= Instructions for the task =
The response should consist only of the lines from the one with "Has a crack" to the end of the data below, copied exactly and without pictures.

= Records for this exercise =
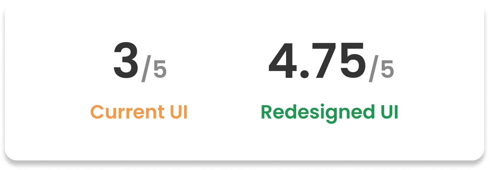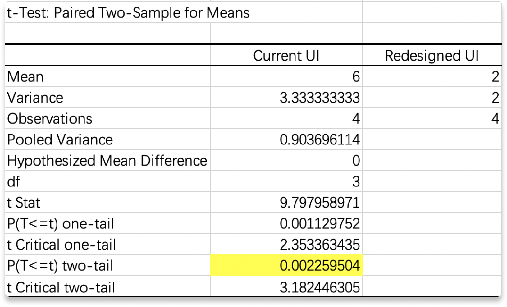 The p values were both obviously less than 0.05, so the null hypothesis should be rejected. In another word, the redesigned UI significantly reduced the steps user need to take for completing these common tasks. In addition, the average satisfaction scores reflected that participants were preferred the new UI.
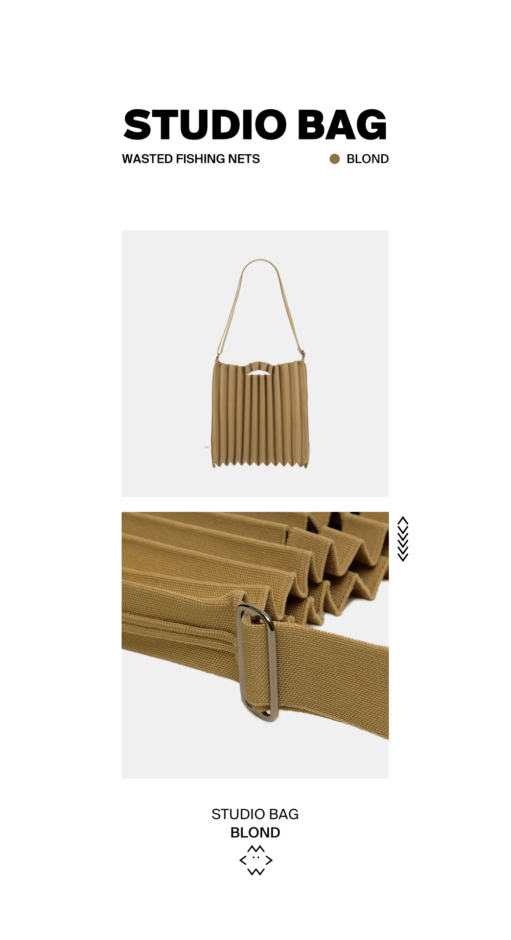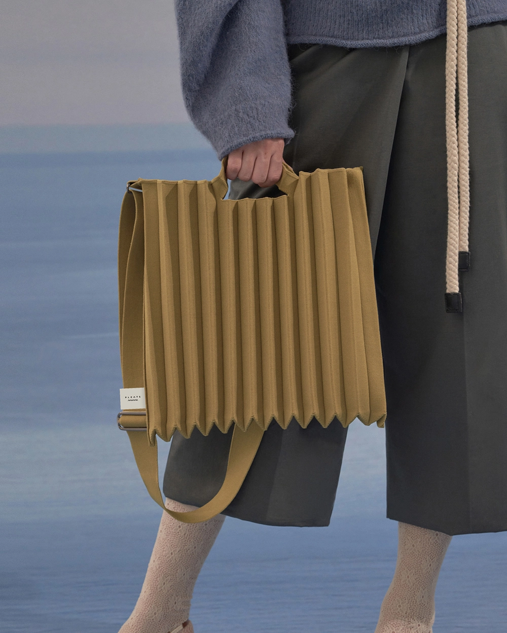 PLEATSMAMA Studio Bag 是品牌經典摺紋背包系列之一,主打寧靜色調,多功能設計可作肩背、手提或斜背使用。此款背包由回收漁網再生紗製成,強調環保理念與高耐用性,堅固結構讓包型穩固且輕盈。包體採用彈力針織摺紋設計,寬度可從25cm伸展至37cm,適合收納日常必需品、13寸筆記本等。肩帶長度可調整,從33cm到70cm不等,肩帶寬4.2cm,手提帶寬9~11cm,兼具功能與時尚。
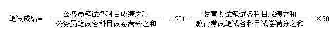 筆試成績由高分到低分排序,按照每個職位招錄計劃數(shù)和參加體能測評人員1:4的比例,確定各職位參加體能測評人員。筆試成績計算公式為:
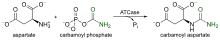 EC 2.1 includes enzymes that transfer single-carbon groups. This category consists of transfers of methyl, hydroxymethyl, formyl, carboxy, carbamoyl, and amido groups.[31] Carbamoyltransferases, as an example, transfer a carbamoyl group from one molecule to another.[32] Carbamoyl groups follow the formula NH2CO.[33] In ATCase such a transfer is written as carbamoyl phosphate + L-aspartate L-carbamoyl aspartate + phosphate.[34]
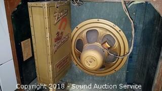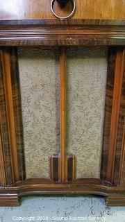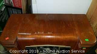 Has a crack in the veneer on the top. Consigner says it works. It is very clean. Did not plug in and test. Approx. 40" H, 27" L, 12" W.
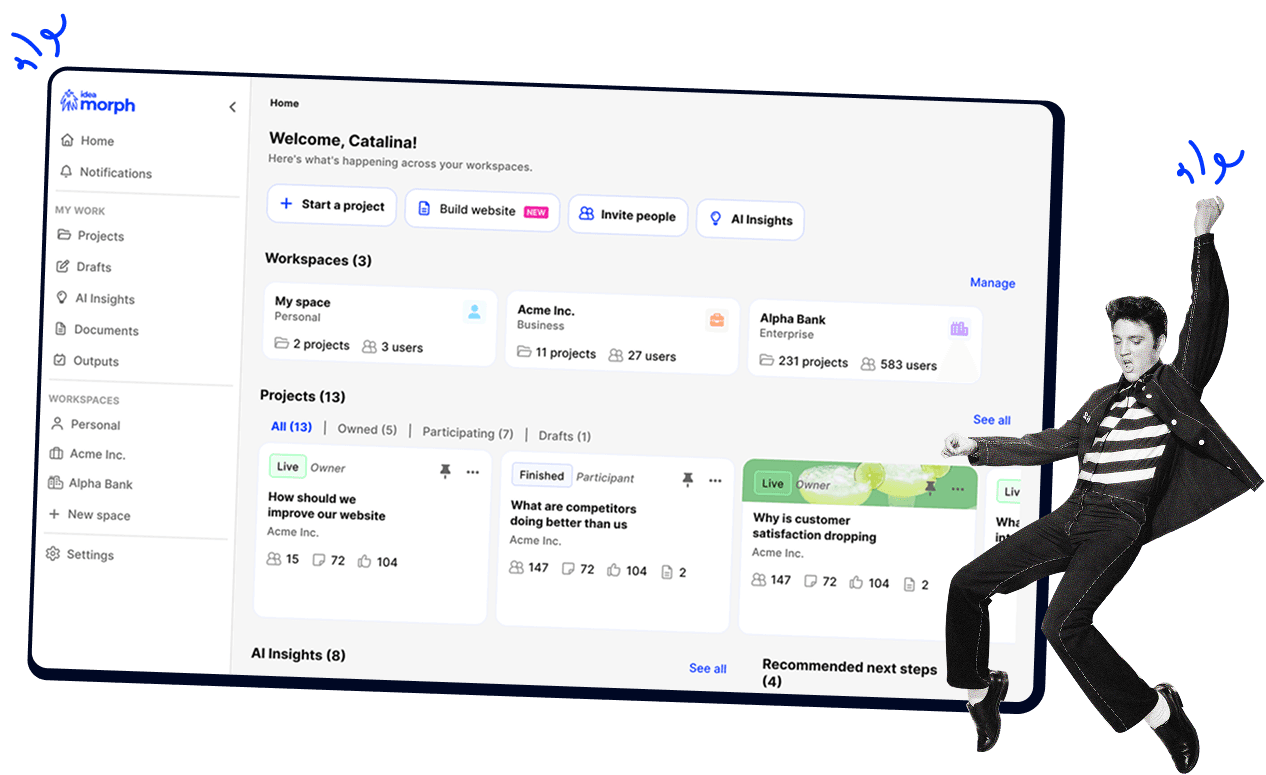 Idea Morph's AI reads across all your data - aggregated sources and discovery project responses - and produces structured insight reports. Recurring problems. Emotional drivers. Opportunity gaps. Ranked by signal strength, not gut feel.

= Answer to this task =
 Has a crack in the veneer on the top. Consigner says it works. It is very clean. Did not plug in and test. Approx. 40" H, 27" L, 12" W.
 Idea Morph's AI reads across all your data - aggregated sources and discovery project responses - and produces structured insight reports. Recurring problems. Emotional drivers. Opportunity gaps. Ranked by signal strength, not gut feel.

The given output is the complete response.